Freddie Mac records exempt from FOIA
Bob Secter and Andrew Zajac of the Chicago Tribune report that, while researching what went at Freddie Mac during the period White House Chief of Staff Rahm Emanuel served on the board of directors of Freddie Mac, they were unable to get minutes of board meetings and other information:
The Obama administration rejected a Tribune request under the Freedom of Information Act to review Freddie Mac board minutes and correspondence during Emanuel’s time as a director. The documents, obtained by Falcon for his investigation, were “commercial information” exempt from disclosure, according to a lawyer for the Federal Housing Finance Agency.

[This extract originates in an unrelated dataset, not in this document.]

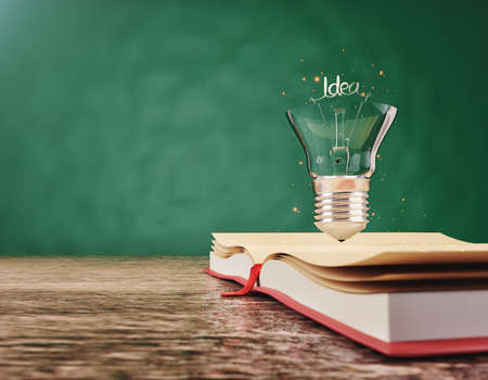 light bulb glowing on book, idea of ​​inspiration from reading, innovation idea concept, Self learning or education knowledge and business studying concept.

Freddie Mac executives cooked the books, mismanaged the firm, and ultimately drove it into the ground, costing taxpayers billions of dollars. The “commercial information” exemption is reserved for private companies–Freddie Mac is by no means a private company anymore.
Sector and Zajac did get contemporaries of Emanuel to describe his participation on the company’s board:
One of Emanuel’s fellow directors at Freddie Mac was Neil Hartigan, the former Illinois attorney general. Hartigan said Emanuel’s primary contribution was explaining to others on the board how to play the levers of power.
He was respected on the board for his understanding of “the dynamics of the legislative process and the executive branch at senior levels,” Hartigan recalled. “I wouldn’t say he was outspoken. What he was, was solid.”
Shouldn’t that information now be available to the taxpayers who are bailing out the company?